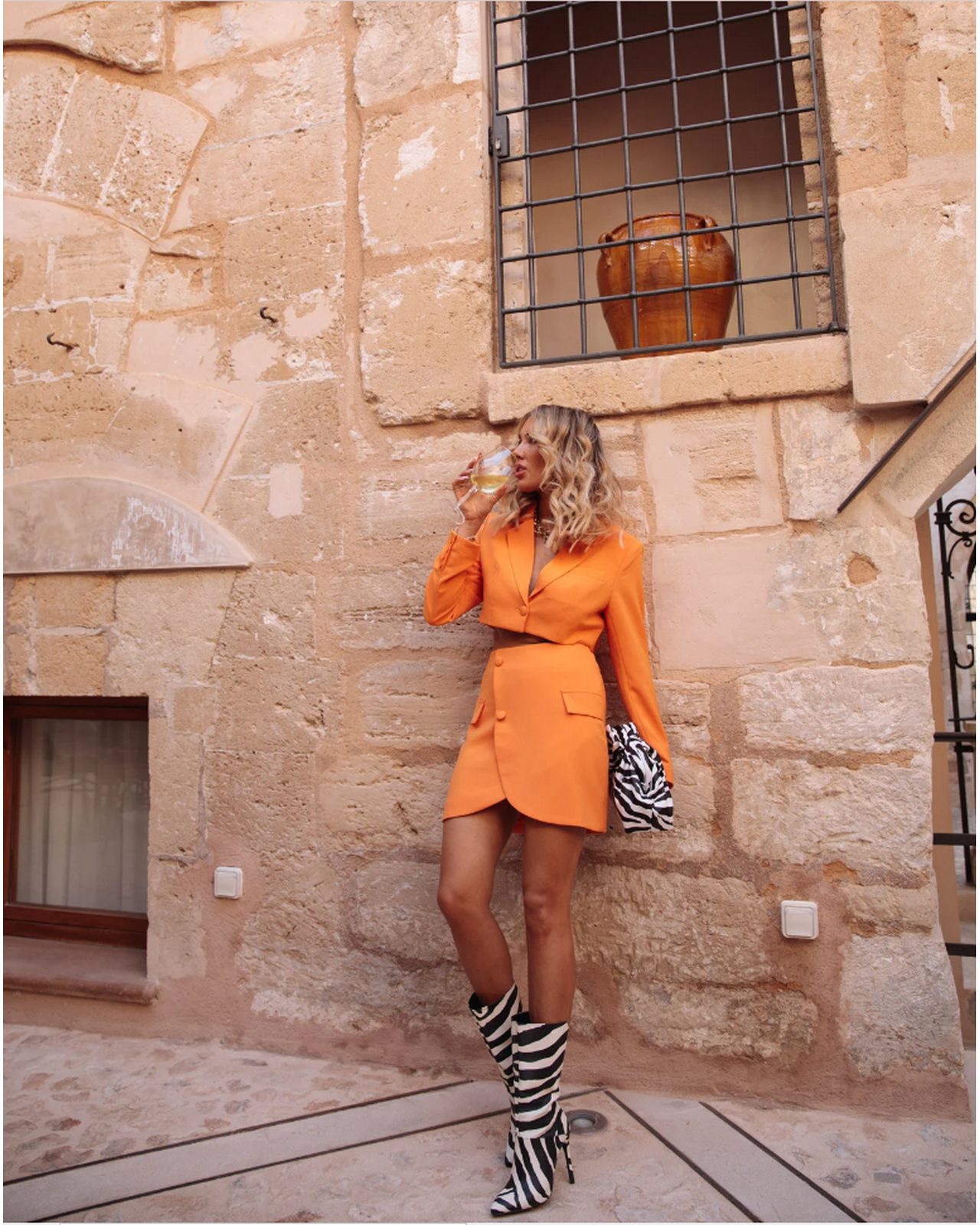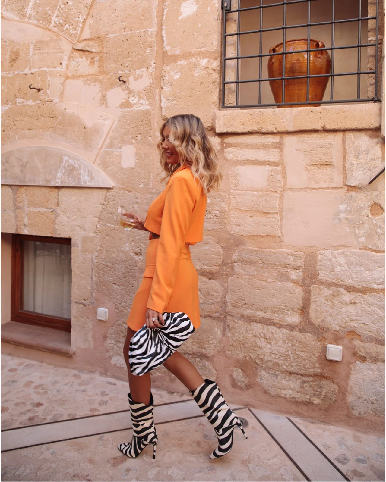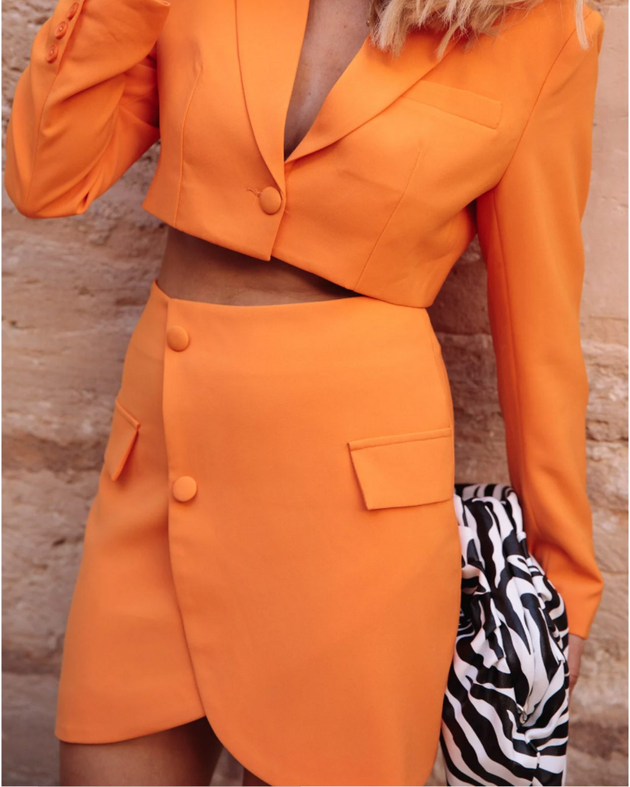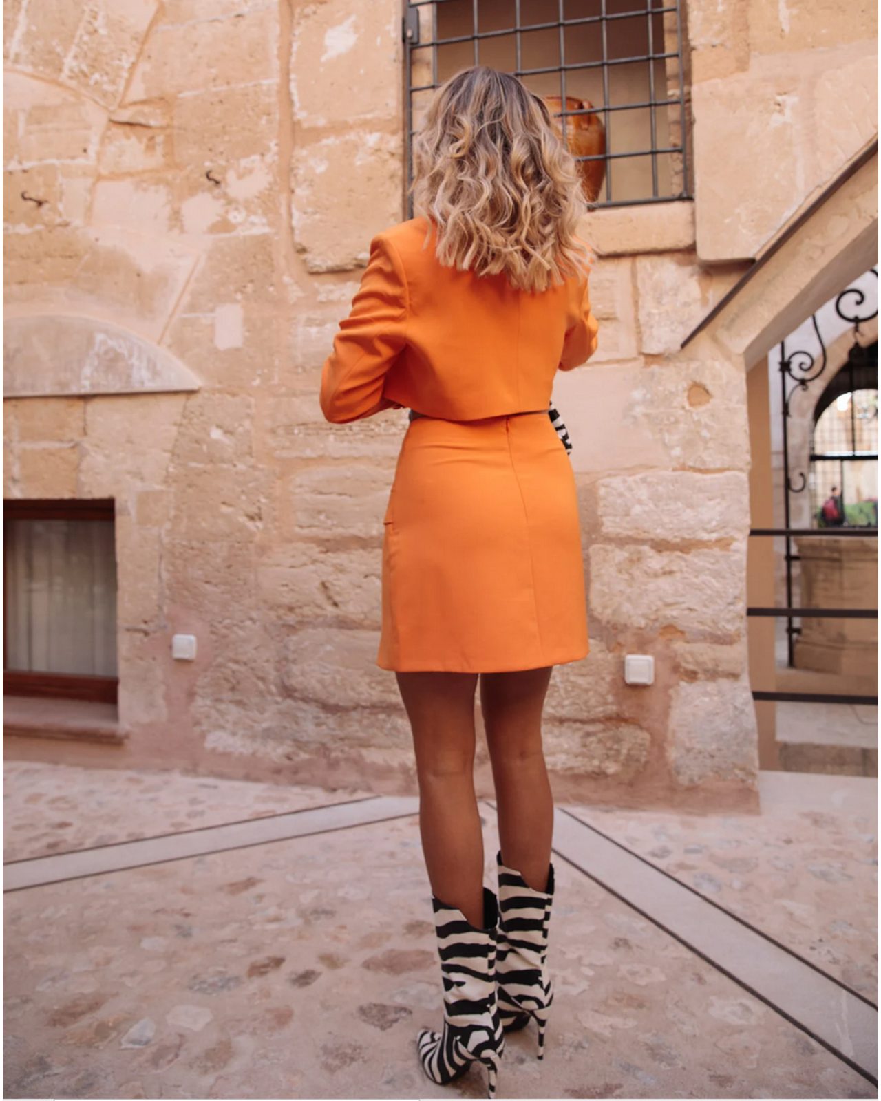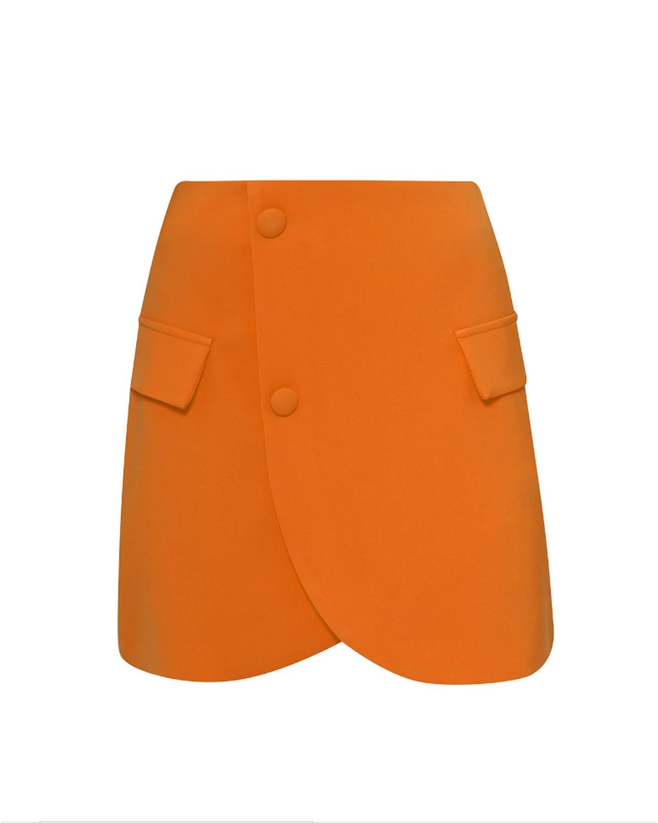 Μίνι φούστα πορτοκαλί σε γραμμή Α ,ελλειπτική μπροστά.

---

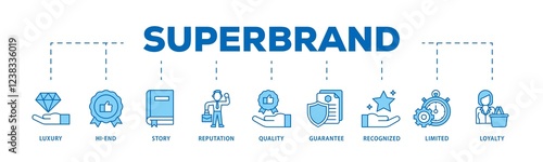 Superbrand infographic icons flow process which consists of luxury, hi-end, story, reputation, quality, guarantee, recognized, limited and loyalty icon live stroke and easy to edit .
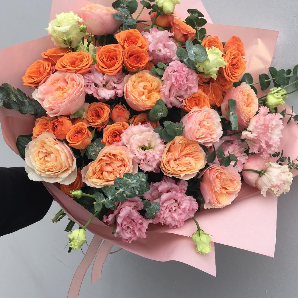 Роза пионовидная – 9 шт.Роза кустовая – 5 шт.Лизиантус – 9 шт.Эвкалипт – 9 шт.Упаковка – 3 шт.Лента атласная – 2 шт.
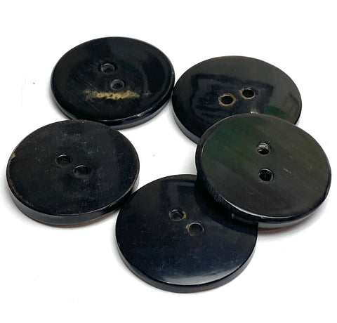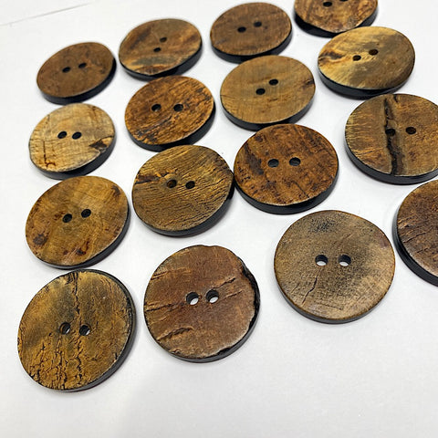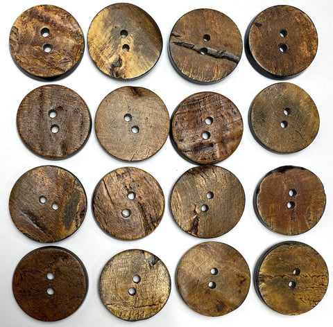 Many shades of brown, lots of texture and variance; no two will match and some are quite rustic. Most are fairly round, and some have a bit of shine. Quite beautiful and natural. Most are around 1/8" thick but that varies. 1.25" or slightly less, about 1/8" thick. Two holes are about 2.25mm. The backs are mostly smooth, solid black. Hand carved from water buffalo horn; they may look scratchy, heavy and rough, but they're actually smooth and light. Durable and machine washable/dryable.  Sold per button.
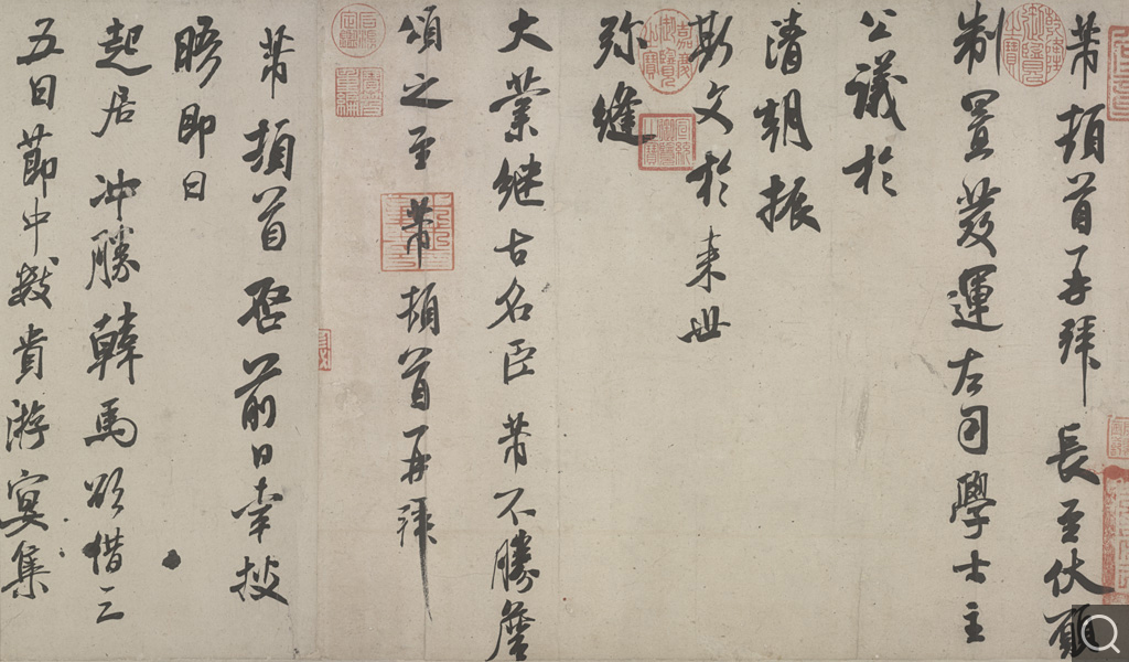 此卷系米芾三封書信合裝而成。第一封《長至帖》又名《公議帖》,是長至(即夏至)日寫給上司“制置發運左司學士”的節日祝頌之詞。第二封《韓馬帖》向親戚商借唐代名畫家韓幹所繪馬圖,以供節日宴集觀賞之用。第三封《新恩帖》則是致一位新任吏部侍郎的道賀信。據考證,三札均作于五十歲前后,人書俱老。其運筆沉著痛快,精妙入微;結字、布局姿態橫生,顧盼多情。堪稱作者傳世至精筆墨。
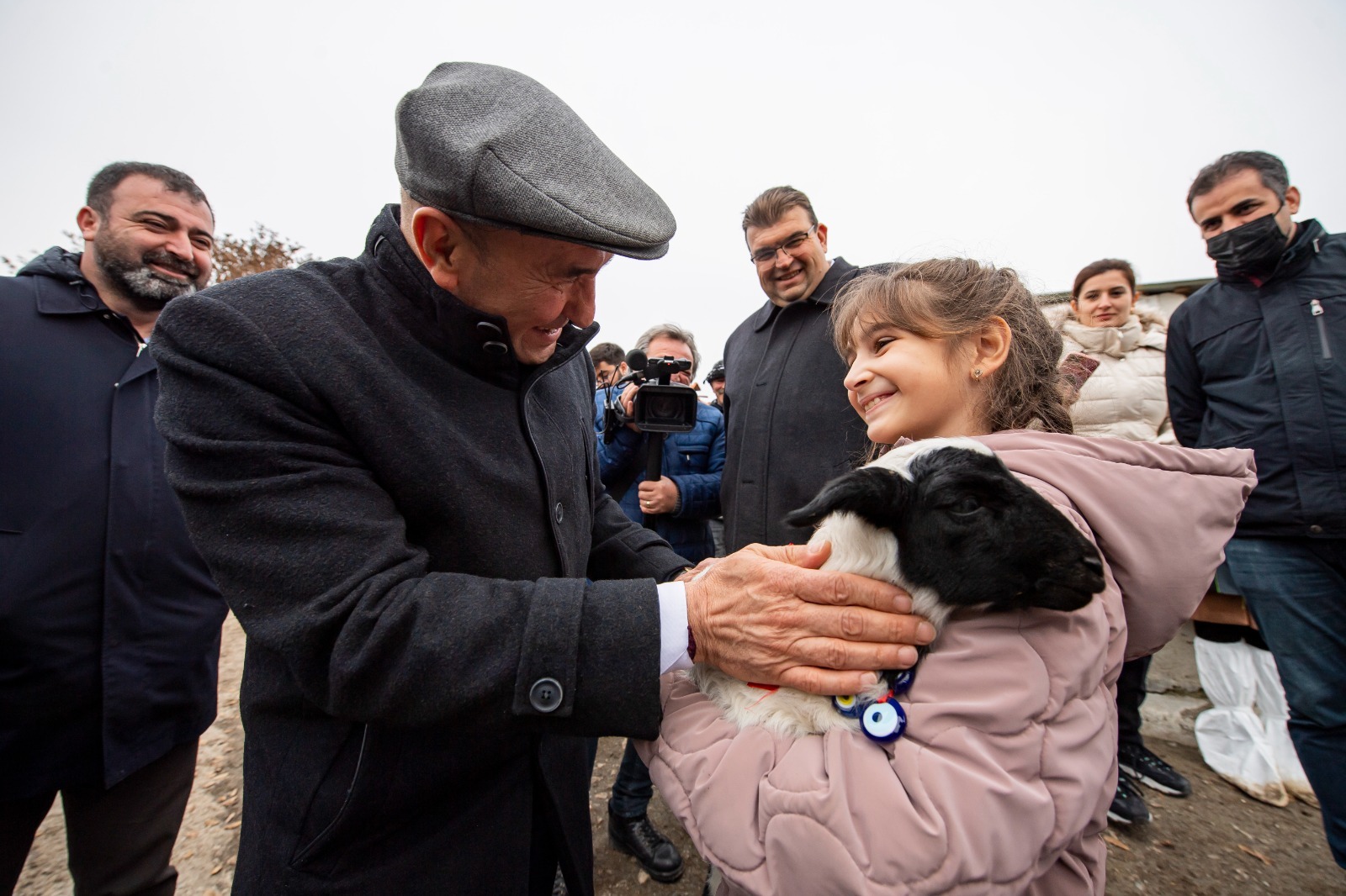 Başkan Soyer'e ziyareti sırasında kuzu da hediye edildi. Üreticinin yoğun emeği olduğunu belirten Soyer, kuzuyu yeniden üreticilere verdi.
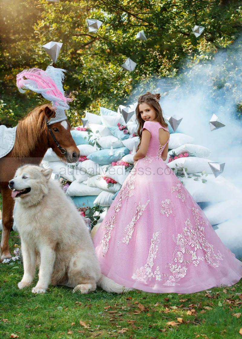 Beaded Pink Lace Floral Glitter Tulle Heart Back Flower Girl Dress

==

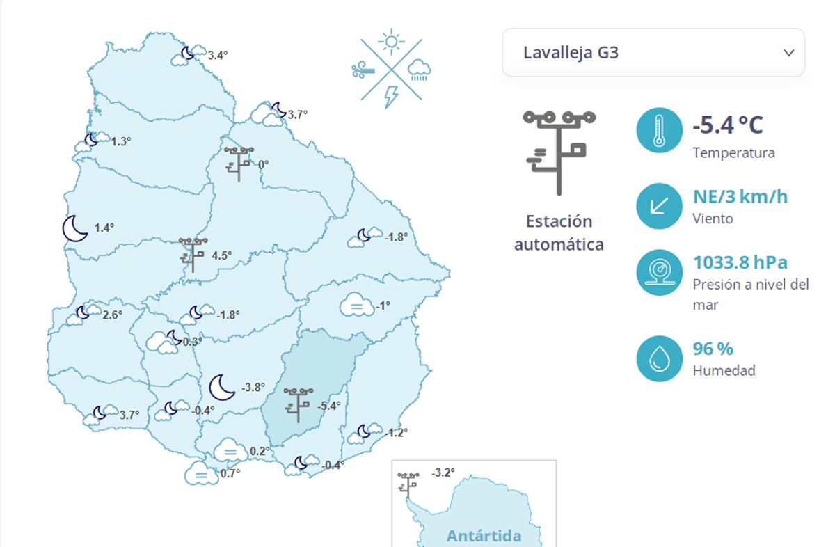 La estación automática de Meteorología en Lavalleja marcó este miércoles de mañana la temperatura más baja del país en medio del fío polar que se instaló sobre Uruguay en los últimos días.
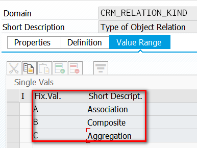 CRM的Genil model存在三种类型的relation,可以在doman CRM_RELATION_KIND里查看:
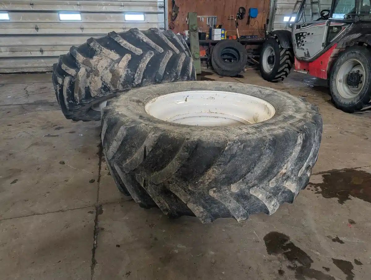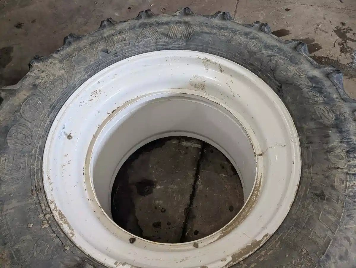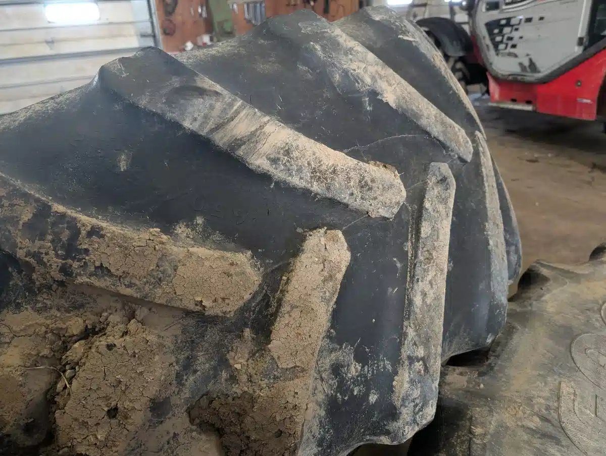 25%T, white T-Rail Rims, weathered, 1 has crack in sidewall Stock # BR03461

YOUR ASSIGNMENT: Starting at the line containing "Many shades of" and finishing at the line containing "Beaded Pink Lace", return those lines exactly as they appear above, without the pictures.

EXPECTED ANSWER:
 Many shades of brown, lots of texture and variance; no two will match and some are quite rustic. Most are fairly round, and some have a bit of shine. Quite beautiful and natural. Most are around 1/8" thick but that varies. 1.25" or slightly less, about 1/8" thick. Two holes are about 2.25mm. The backs are mostly smooth, solid black. Hand carved from water buffalo horn; they may look scratchy, heavy and rough, but they're actually smooth and light. Durable and machine washable/dryable.  Sold per button.
 此卷系米芾三封書信合裝而成。第一封《長至帖》又名《公議帖》,是長至(即夏至)日寫給上司“制置發運左司學士”的節日祝頌之詞。第二封《韓馬帖》向親戚商借唐代名畫家韓幹所繪馬圖,以供節日宴集觀賞之用。第三封《新恩帖》則是致一位新任吏部侍郎的道賀信。據考證,三札均作于五十歲前后,人書俱老。其運筆沉著痛快,精妙入微;結字、布局姿態橫生,顧盼多情。堪稱作者傳世至精筆墨。
 Başkan Soyer'e ziyareti sırasında kuzu da hediye edildi. Üreticinin yoğun emeği olduğunu belirten Soyer, kuzuyu yeniden üreticilere verdi.
 Beaded Pink Lace Floral Glitter Tulle Heart Back Flower Girl Dress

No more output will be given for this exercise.